NHL.com's Q&A feature called "Five Questions With …" runs throughout the 2018-19 regular season. We talk to key figures in and around the game and ask them questions to gain insight into their lives, careers and the most recent news.
The latest edition features Commander Chris Hadfield, the 59-year-old Canadian astronaut and lifelong Toronto Maple Leafs fan who was named an honorary member of the NHL Alumni Association at its annual awards gala in Toronto on Oct. 22.
Five Questions with Commander Chris Hadfield
Canadian astronaut, passionate Maple Leafs fan discusses Toronto's Stanley Cup hopes
TORONTO -- Lurking not deeply in Commander Chris Hadfield, a brilliant scientist, aviator and space pioneer, is a delicious sense of humor.

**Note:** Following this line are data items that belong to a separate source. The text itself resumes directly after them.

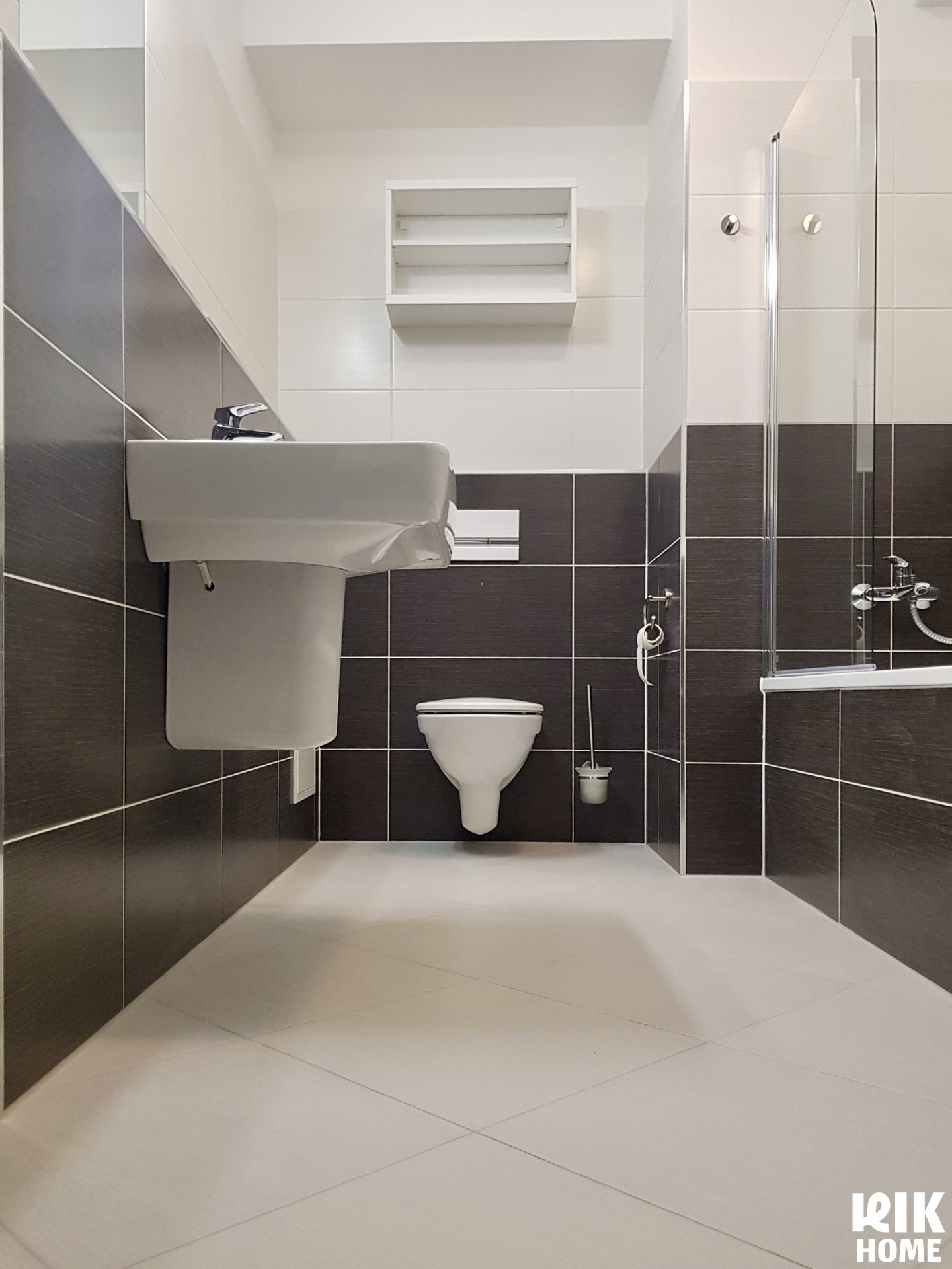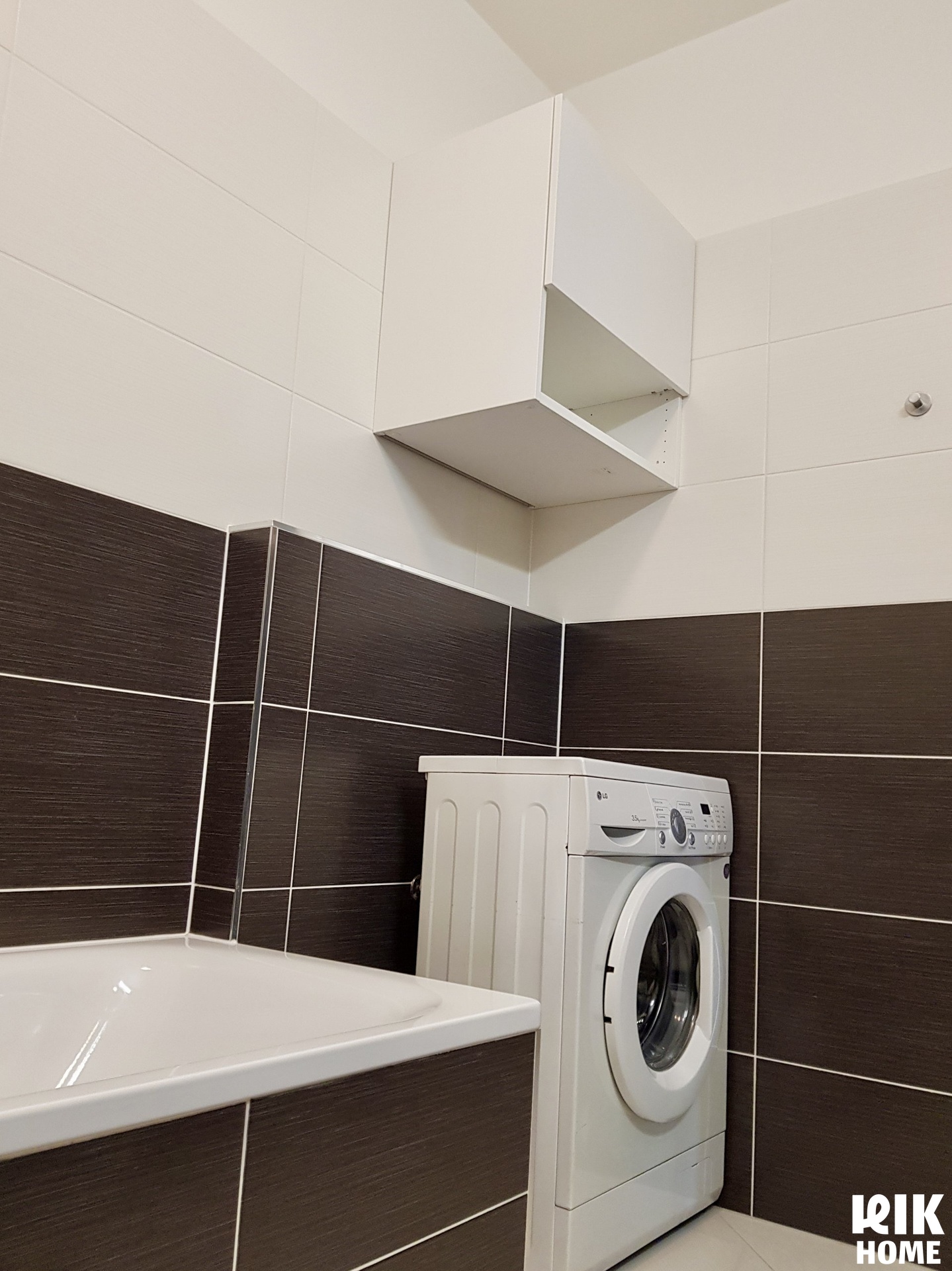 - Koupelna: Vana se skleněnou zástěnou, pračka, závěsné WC a úložné skříňky.
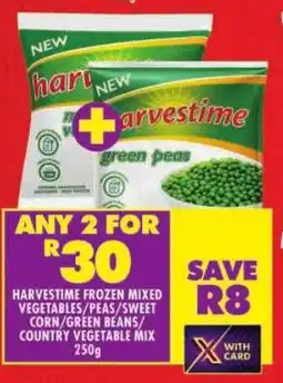 Shoprite Harvestime frozen mixed vegetables/ peas/ sweet corn/ green beans/ country vegetable mix offer
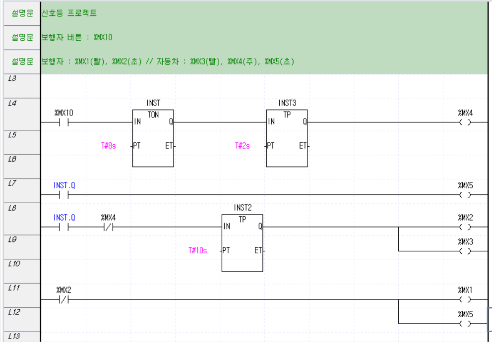 ▶ 보행자 신호등 : %MX1 (빨), %MX2 (초)
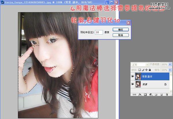 4.用魔術棒工具選擇臉部要提亮的部位,按住shift可以多選,然后右鍵羽化10
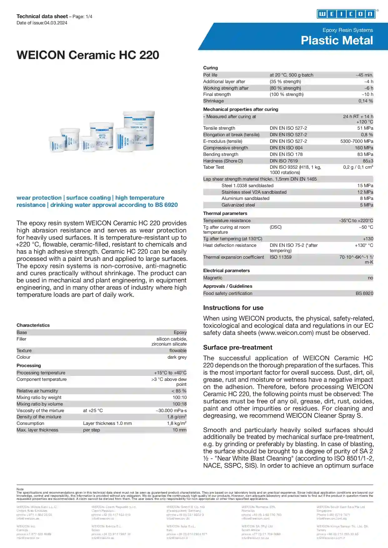 Why Choose SFMKART WEICON Ceramic HC 220 Epoxy Resin
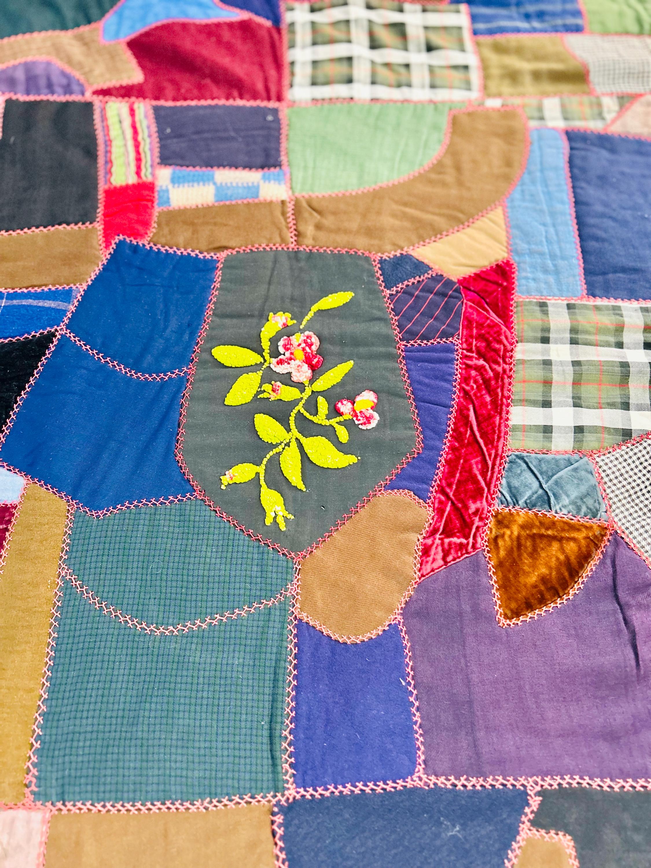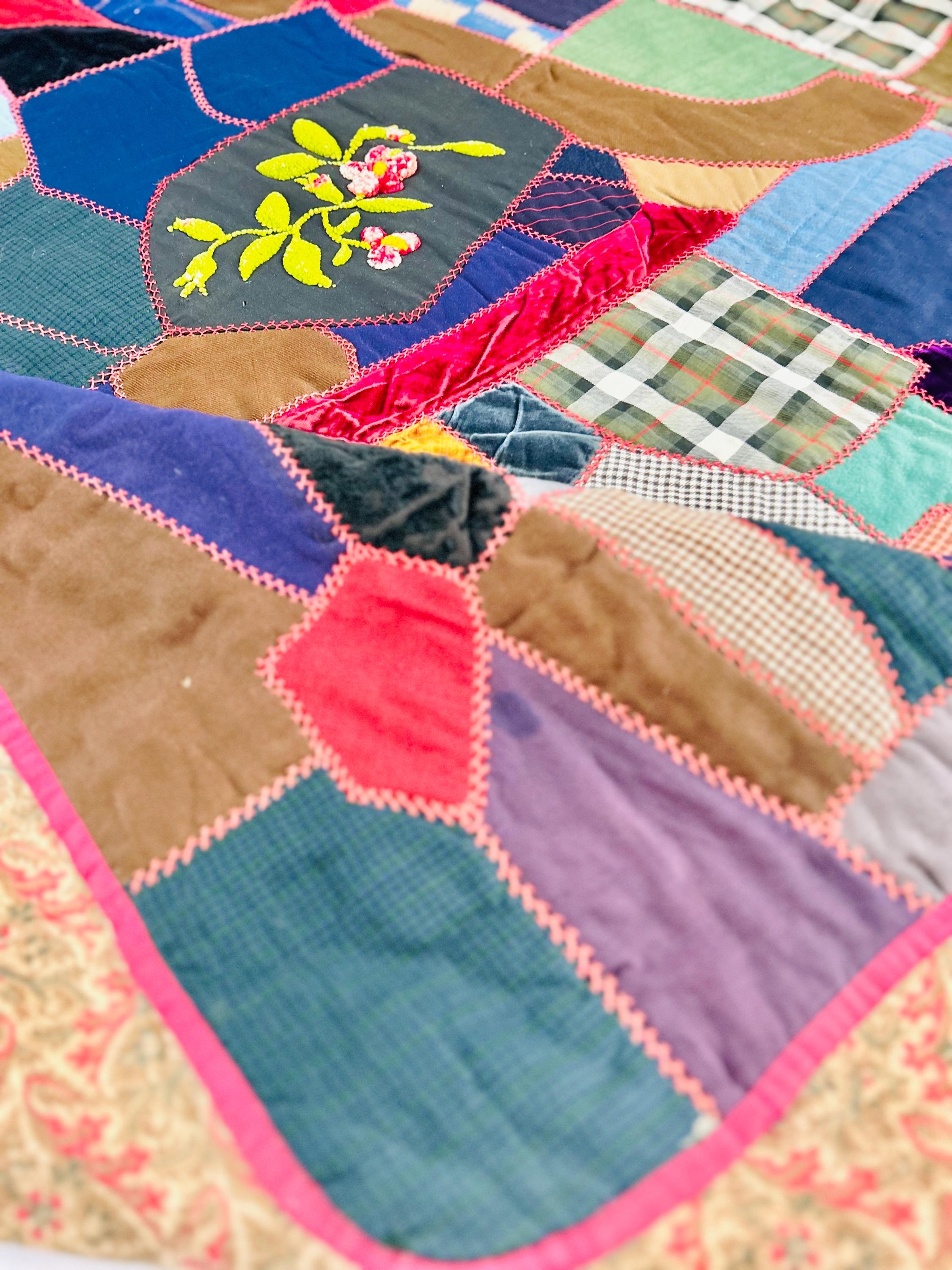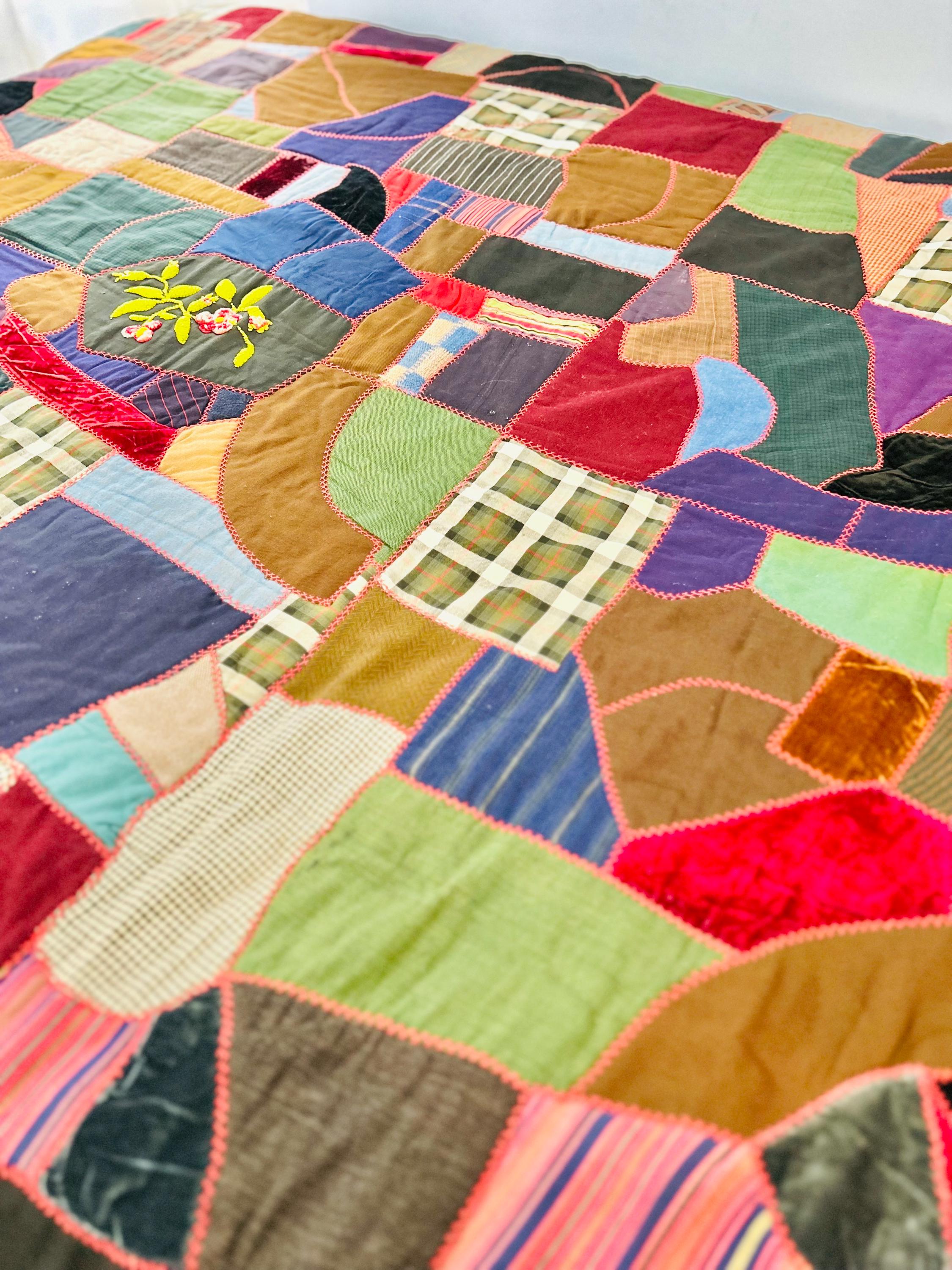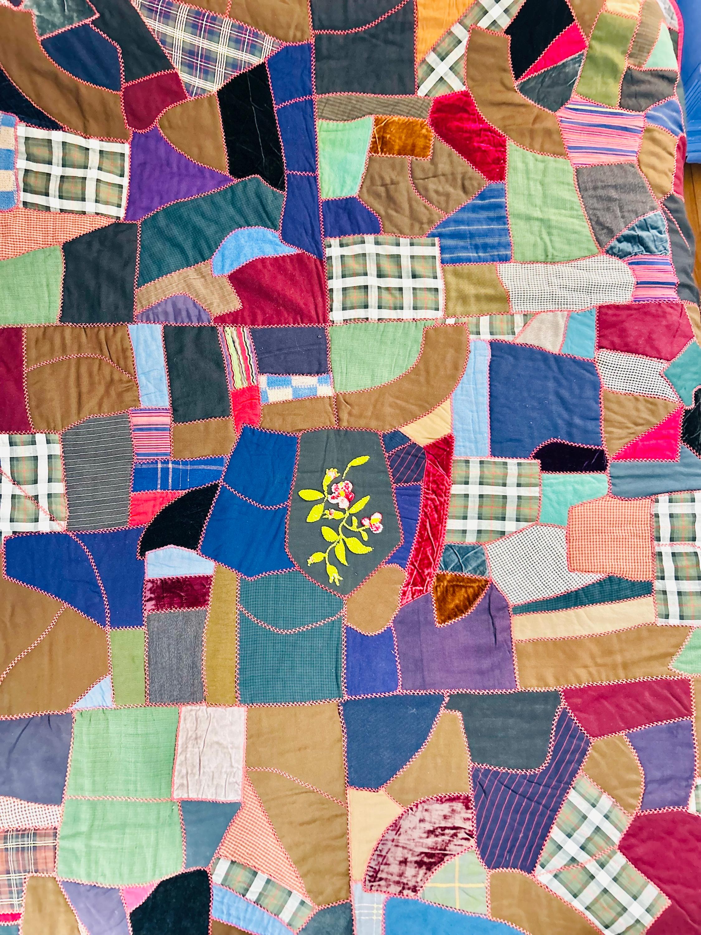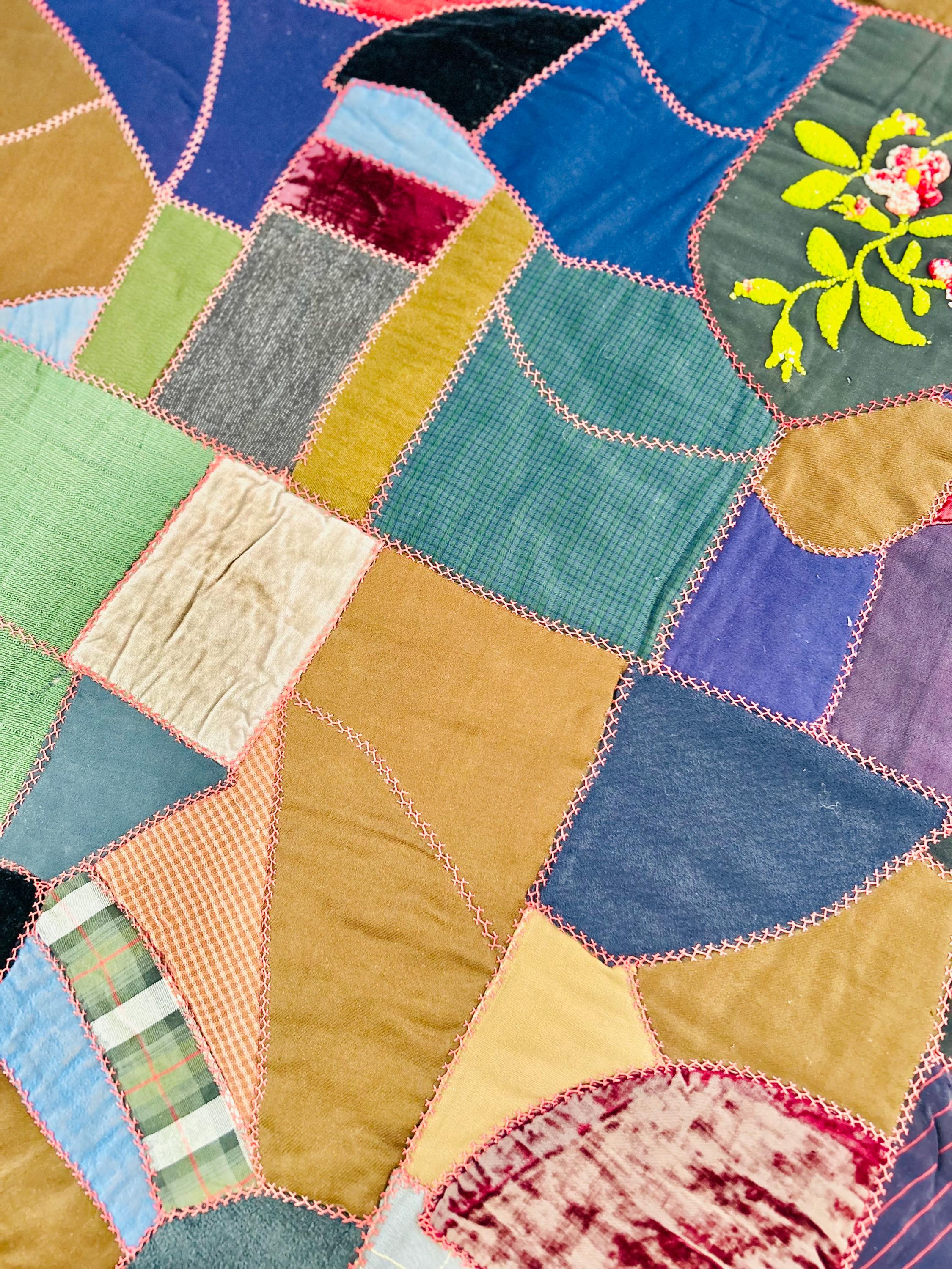 This Crazy Quilt has a center hand-stitched flower in green and reds, all surrounded by velvets, cottons, linens, wools and taffetas. Each patch has been hand-embroidered, while the quilting (which is rare on a crazy quilt) is machine-stitched in outlines of the patchwork.

Ask him his favorite space movie and he won't say, "2001: A Space Odyssey," "The Right Stuff," "Apollo 13," or "First Man," the Neil Armstrong biopic that he hadn't seen when we sat for a talk Oct. 22.
"Galaxy Quest," Hadfield said, saying he'll watch the "Star Trek" spoof from 1999 starring Tim Allen and Sigourney Weaver any time he finds it on television.
Hadfield is legendary for his
career
as a test pilot, riding rockets, walking in space, broadening the horizons of science aboard the International Space Station, in astronautic administration, and now back on Earth as a best-selling author and motivational speaker. During his most recent time on the ISS, on one of his 2,336 orbits of the globe between Dec. 19, 2012 and May 13, 2013, covering roughly 62 million miles, he became a rock star for his zero-gravity rendition of David Bowie's 1969 classic "Space Oddity," the video of his performance viewed more than 41 million times.
Watch: Youtube Video
But whether on Earth or more than 200 miles above it, Hadfield has a burning love of the Toronto Maple Leafs in his heart.
Here are Five Questions with … Commander Chris Hadfield:
How good a hockey player were you as a kid, what position did you play, and who's your favorite player all-time?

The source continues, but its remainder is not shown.